A special poster for the movie’s appearance at the Venice Film Festival was also released. It’s not as interesting thematically as the first two but still sells the overall appeal of the movie pretty well, showing Gosling and Stone dancing on a hill top, the lights of Los Angeles below a dark night’s sky. “Here’s to the fools who dream” the copy at the top tells us.
The theatrical poster foregoes the artistic stylings of the earlier one-sheets in favor of a simple image of Gosling and Stone, shown from behind while staring out over the nighttime skyline of Los Angeles. Or at least it would be a simple image if it weren’t for the fact that all the negative space on the poster is taken up by accolades from critics, turning what should have continued the magical look and feel of the poster campaign into a cluttered mess.
The first trailer is all about setting the mood for the movie while revealing as little as possible about the story. Essentially a short music video, we get lots of shots of Gosling and Stone as the dance around each other, gaze across rooms at each other and otherwise engage in this storybook romance. So they’re at nightclubs, dancing in the streets and more.

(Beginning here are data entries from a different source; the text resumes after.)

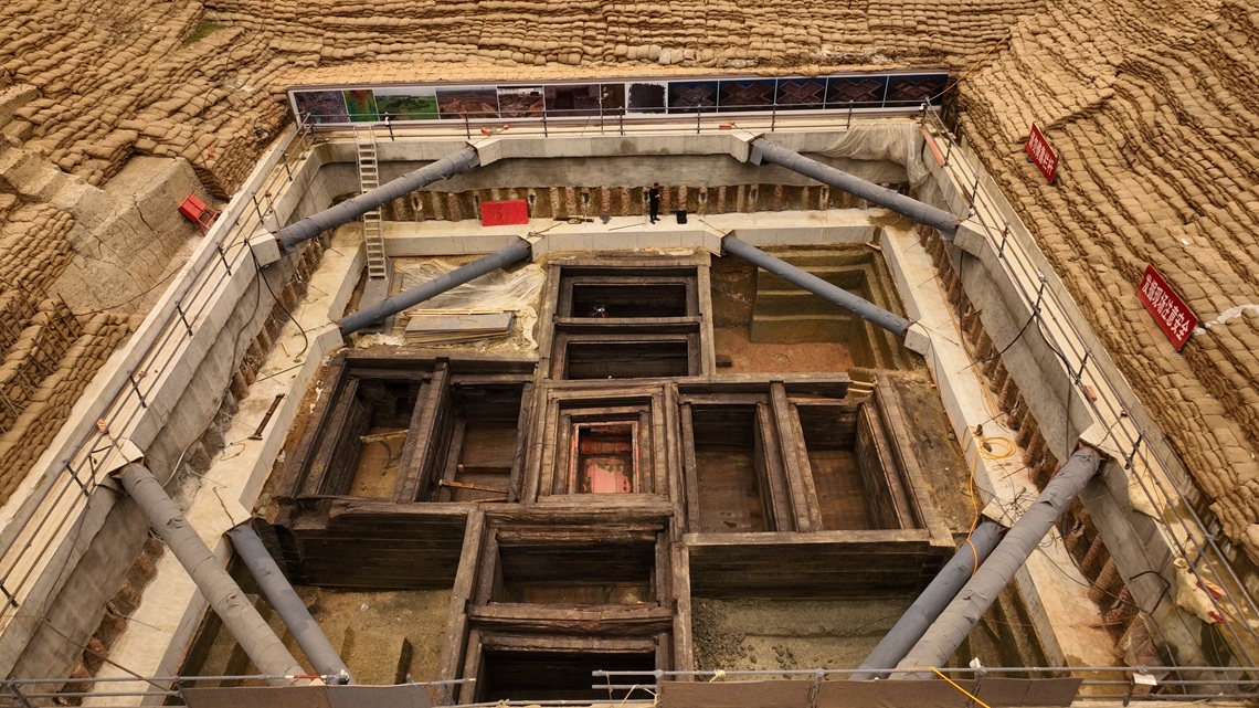 The The excavation of the tomb of King Kaolie of Chu 楚考烈王 at Wuwangdun 武王墩 in 2020-24 represents one of the most important archaeological discoveries in recent years. Although the burial chambers had suffered looting damage from the Tang dynasty through as late as 2015, impressive quantities of artefacts have been recovered from the tomb including 154 bronze vessels, two sets of bells, numerous jade objects, oracle shells, and about 200 bags of plant remains. The wooden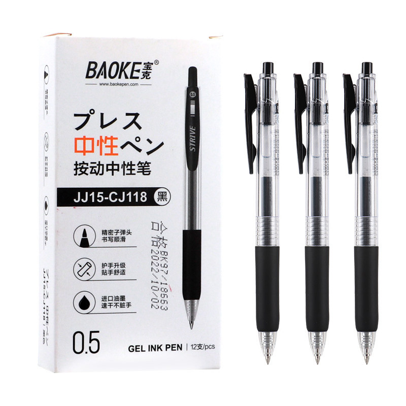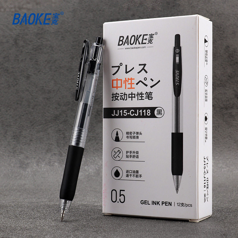 宝克JJ15按动式中性笔商务办公黑色签字笔学习专用刷题笔文具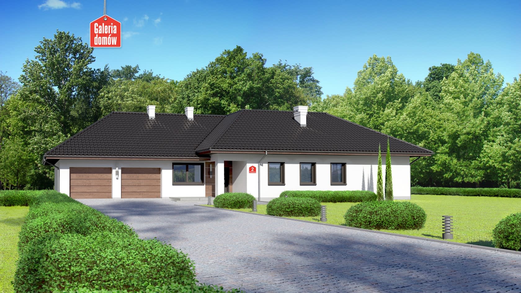 Parterowa willa rodzinna z czterema niezależnymi pokojami, eleganckim salonem, ergonomiczną kuchnią i podwójnym garażem. Parkowa 2 należy do grupy domów energooszczędnych. Projekt zawiera schemat instalacji mechanicznej z rekuperacją oraz system solarny. Ogrzewanie gazowe sprawia, iż dom nie tylko dba o oszczędność energii, ale jest również ekologiczny. Układ funkcjonalny zaplanowano tak, aby każdy z domowników miał komfortowy dostęp zarówno do części wspólnych, jak i łazienki. Zaplecze gospodarcze tego okazałego domu stanowi duża kotłownia, pralnia, garderoba i podwójny garaż. Z zieloną częścią ogrodu łączą budynek dwa tarasy, poranny – od kuchni i wypoczynkowy, ulokowany przy słonecznym salonie. Stylistyka wykończenia zewnętrznego nawiązuje do najmodniejszych trendów architektonicznych i czyni dom nowoczesnym, a zarazem eleganckim.Konstrukcja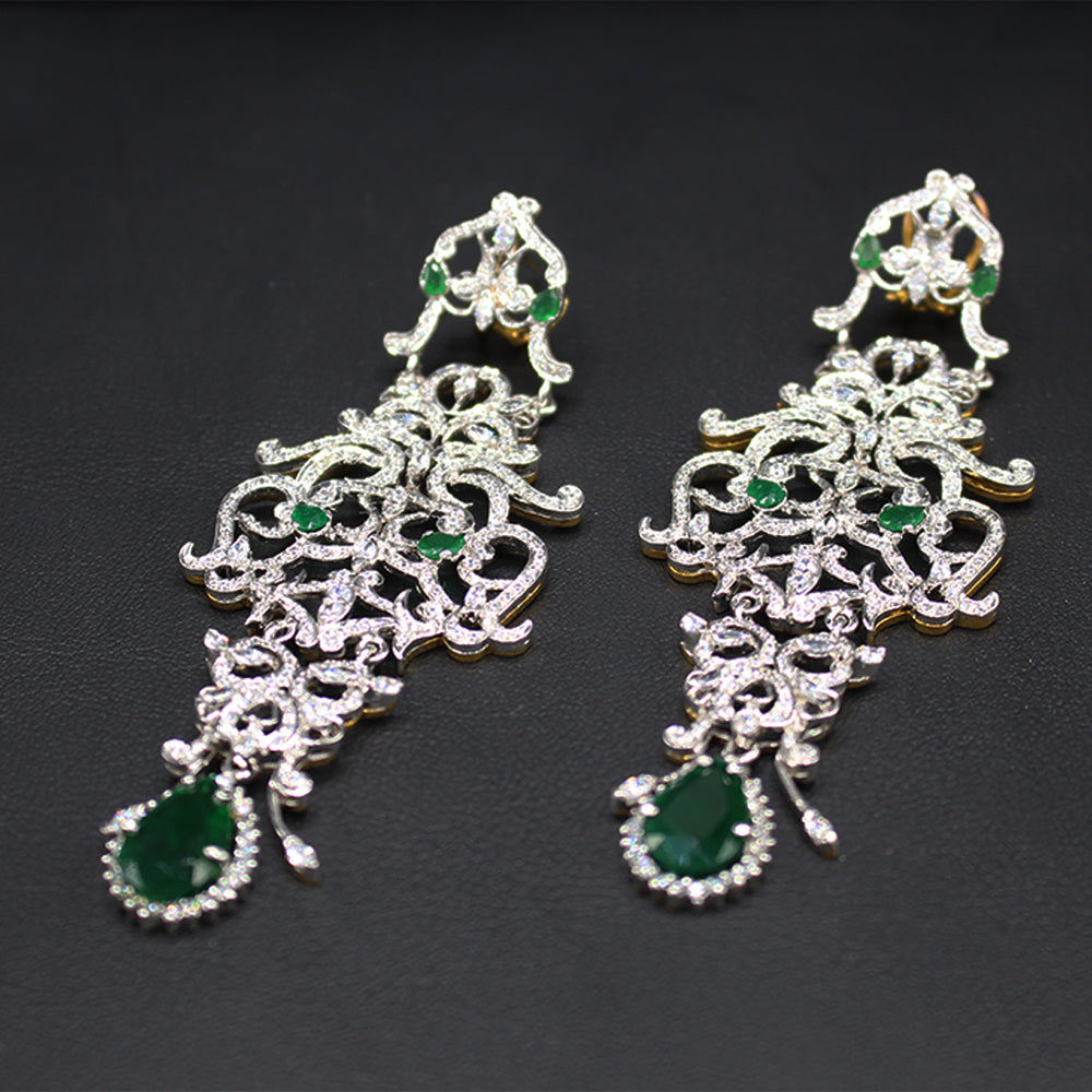 Indulge in the regal allure of The Victorian Mughal Dangling Earrings. Crafted with precision, these earrings feature synthetic emeralds elegantly encased in high -quality zircons, all set in rhodium -plated silver. Elevate your style with this exquisite blend of tradition and sophistication .

Again, there’s not much about the story on display here but it’s still pretty great. It definitely establishes the setting of Los Angeles, presenting it as a place where literally anything can happen, most of it magical and romantic. The time period here is kind of iffy as we’re shown modern cars but a vibe that’s definitely more out of the 1940s or 50s than the 21st century. That’s not a bad thing, it’s part of the movie’s charm, it seems.
Another trailer came out a bit later that took the same approach but this time featured Stone singing about the mess they’ve made, with the same kind of shots that present a version of Los Angeles that seems to exist in all time periods, from the 1940s to the present, at the same time.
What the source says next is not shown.